As the inflation outlook remains heightened, investors will likely be paying strong attention to March US CPI levels which will be released on Tuesday, April 12th. Moreover, the next FOMC Meeting is scheduled for May 3rd – May 4th. Market participants will likely focus on the possibility of any inter-meeting rate hikes which could cause heightened levels of volatility if unanticipated. The size of the next increase, whether the hike is 25bps or 50bps, is also likely to be debated by the market in the coming weeks.
Rising Rates are a Headwind for US Large-Cap Index Stocks
As shown in the chart below from LPL Research, historically higher interest rates have tended to result in lower S&P 500 Index valuations. We think this is a headwind for US large-cap index stocks which currently have elevated valuations. Fortunately, there are many other parts of the global equity spectrum which have lower valuations and offer a margin of safety. We think continuing to tilt away from US large-cap index stocks is an attractive value proposition.
Current and Prospective Economic Outlook
Inflation was notably lower over the past decade as interest rates fell and the overall cost of capital was cheap. Our view is that these dynamics spurred the growth of the technology sector which resulted in lower prices for goods and services which dampened volatility. Those forces are now working in reverse as interest rates and inflation are rising. We’ve had an out of consensus view that inflation would be higher than most were expecting. Supply chains were negatively impacted due to Covid plus there were significant amounts of liquidity pumped into the system by governments and central banks. These factors translated into more demand while supply was limited resulting in higher inflation.
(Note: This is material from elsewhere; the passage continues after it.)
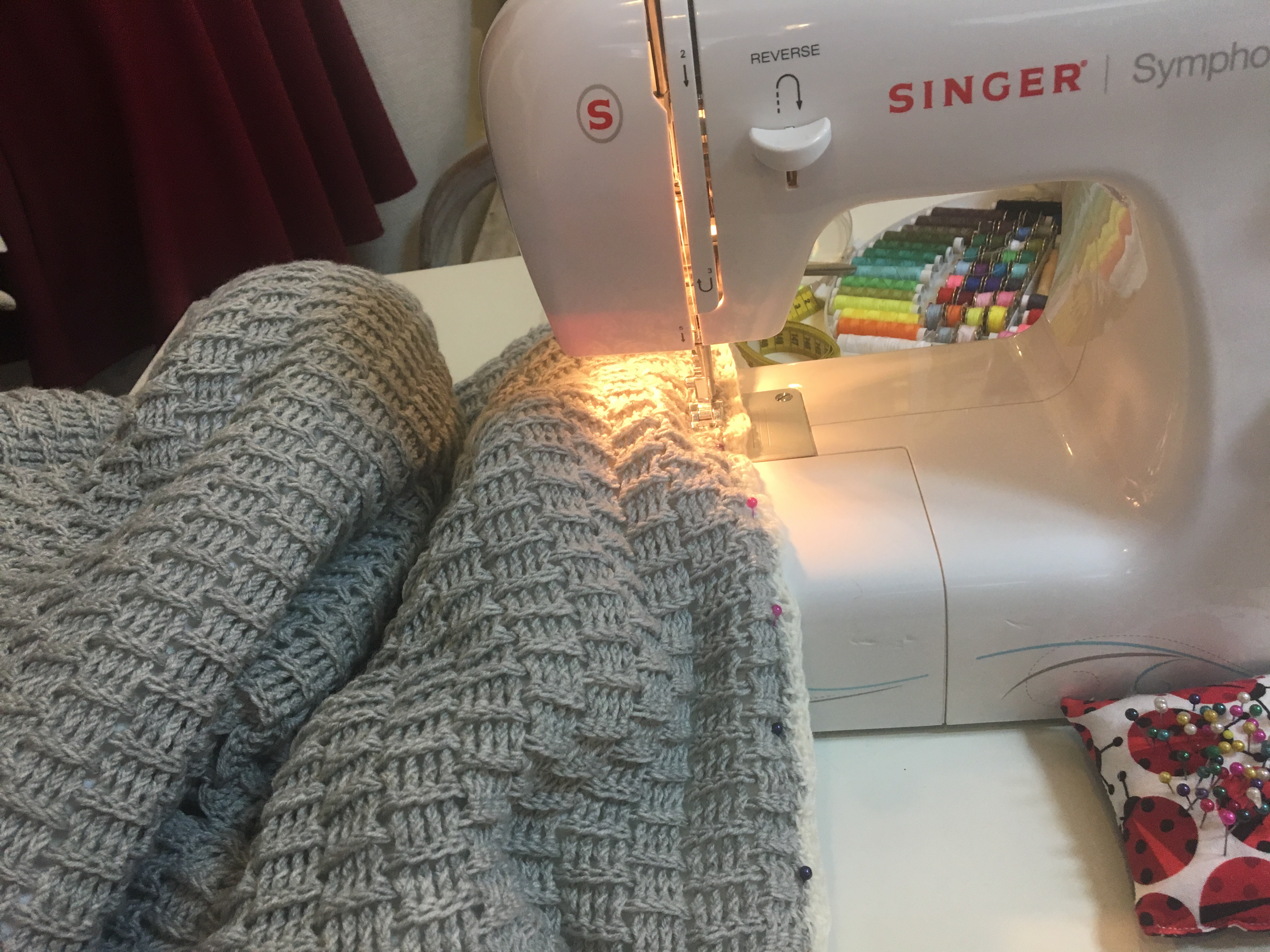 Die fertige Decke ist recht voluminös und hält einen auch schon an der Nähmaschine gut warm. Sie ist somit nur für den Hausgebrauch gedacht und nicht zum mitnehmen für unterwegs. Hierfür eignet sie sich definitiv nicht, wegen der unhandlichkeit und der hellen Farben.

Many inflation-sensitive assets are still trading at a discount to the market and offer a relatively attractive margin of safety compared to the broader US large-cap core index and growth indices. For instance, the S&P 500 Energy sector trades at an 11.5 PE ratio based on 2022 estimates while the S&P 500 Index trades at 20.2 PE ratio based on 2022 estimates. We believe there are three notable risks that the economy faces:
- The Fed is behind the curve
- The Fed is looking to unwind their balance sheet at the same time they are hiking interest rates
- Inflation continues to remain stubbornly high
Will the economy be able to withstand these risks without going into a recession? Only time will tell, and we plan on addressing these risks in our next monthly commentary.